→ **Task description**
Which lines run from the one containing "Serviette de cuisine" to the end of the material below? Copy them exactly, pictures excluded.

[Provided information]

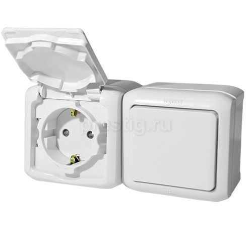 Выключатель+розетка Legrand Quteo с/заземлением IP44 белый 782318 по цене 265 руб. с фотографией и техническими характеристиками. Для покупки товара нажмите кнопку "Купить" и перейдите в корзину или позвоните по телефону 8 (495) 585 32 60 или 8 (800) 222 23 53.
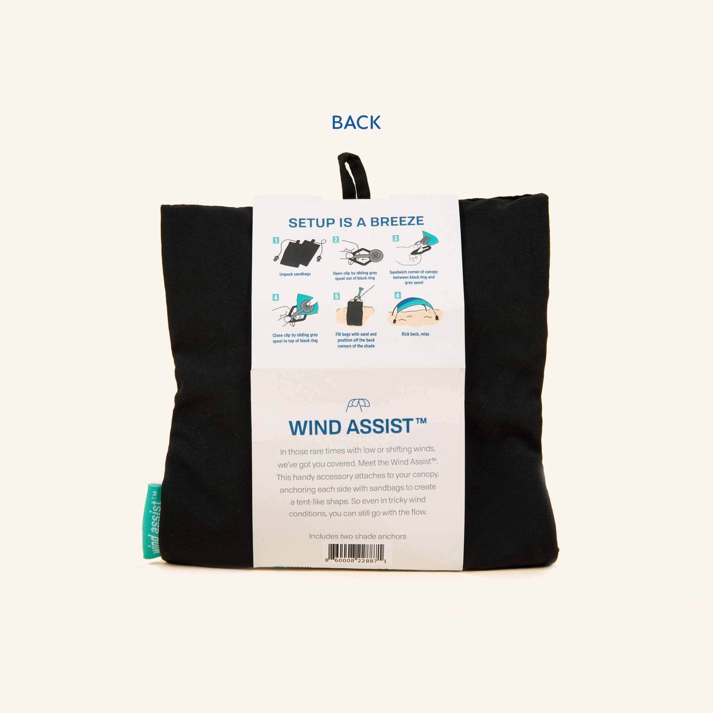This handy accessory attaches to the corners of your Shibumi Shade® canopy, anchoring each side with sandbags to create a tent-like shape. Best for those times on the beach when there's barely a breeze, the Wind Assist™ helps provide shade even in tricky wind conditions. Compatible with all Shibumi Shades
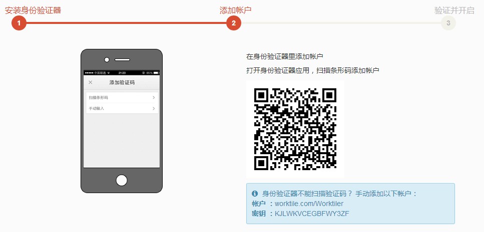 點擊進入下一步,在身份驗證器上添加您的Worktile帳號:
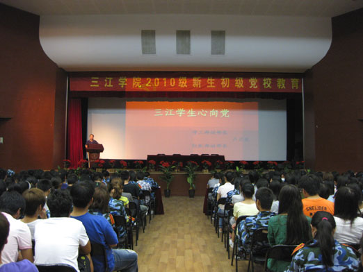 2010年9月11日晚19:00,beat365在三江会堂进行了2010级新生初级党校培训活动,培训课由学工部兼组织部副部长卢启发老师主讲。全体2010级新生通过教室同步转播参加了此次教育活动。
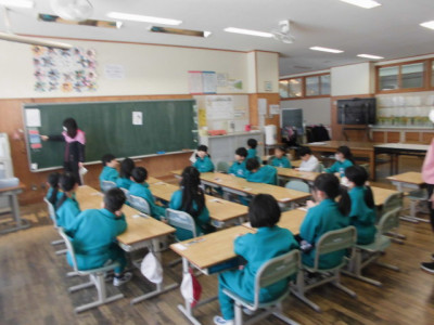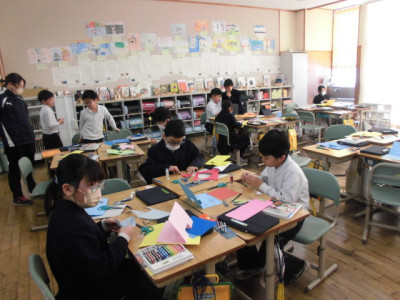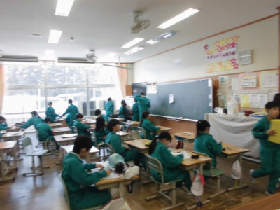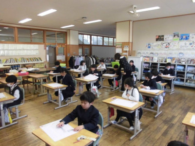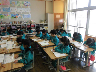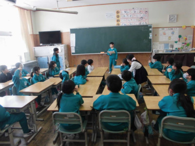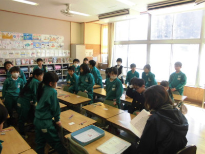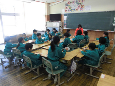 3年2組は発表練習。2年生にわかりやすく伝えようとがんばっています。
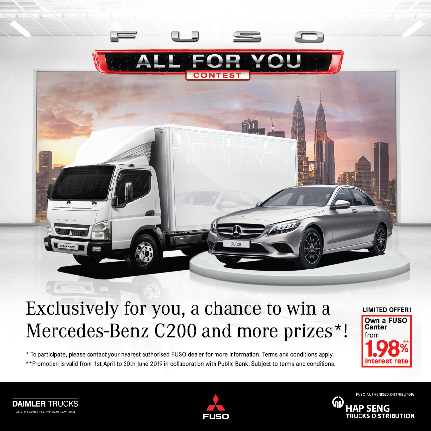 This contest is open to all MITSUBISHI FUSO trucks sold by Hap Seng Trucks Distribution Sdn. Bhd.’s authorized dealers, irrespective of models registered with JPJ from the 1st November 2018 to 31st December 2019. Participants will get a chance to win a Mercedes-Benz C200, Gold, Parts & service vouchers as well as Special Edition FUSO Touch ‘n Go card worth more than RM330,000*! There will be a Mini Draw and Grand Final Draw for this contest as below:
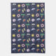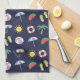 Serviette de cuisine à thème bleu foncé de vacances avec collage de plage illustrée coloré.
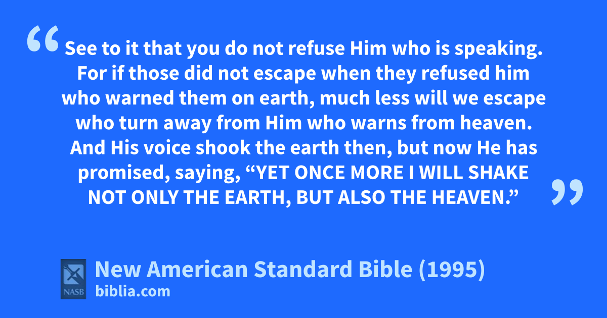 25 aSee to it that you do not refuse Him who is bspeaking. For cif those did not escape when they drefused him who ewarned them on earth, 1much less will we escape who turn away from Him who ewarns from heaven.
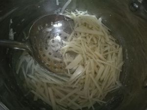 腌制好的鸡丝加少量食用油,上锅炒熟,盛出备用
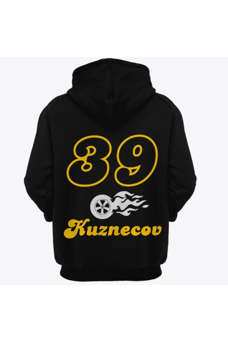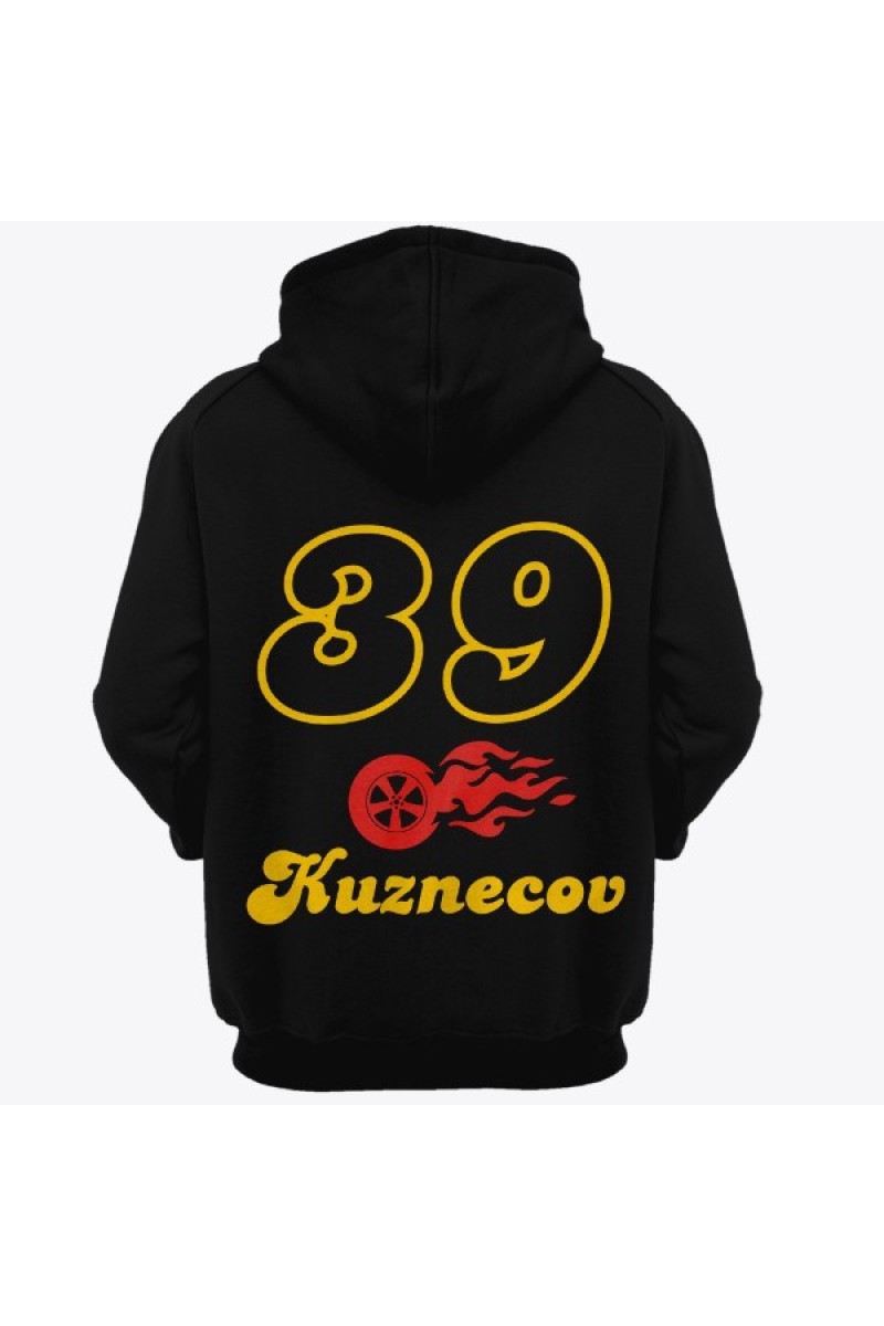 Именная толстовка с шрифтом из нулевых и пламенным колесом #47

[/Provided information]

→ **Exercise result**
 Serviette de cuisine à thème bleu foncé de vacances avec collage de plage illustrée coloré.
 25 aSee to it that you do not refuse Him who is bspeaking. For cif those did not escape when they drefused him who ewarned them on earth, 1much less will we escape who turn away from Him who ewarns from heaven.
 腌制好的鸡丝加少量食用油,上锅炒熟,盛出备用
 Именная толстовка с шрифтом из нулевых и пламенным колесом #47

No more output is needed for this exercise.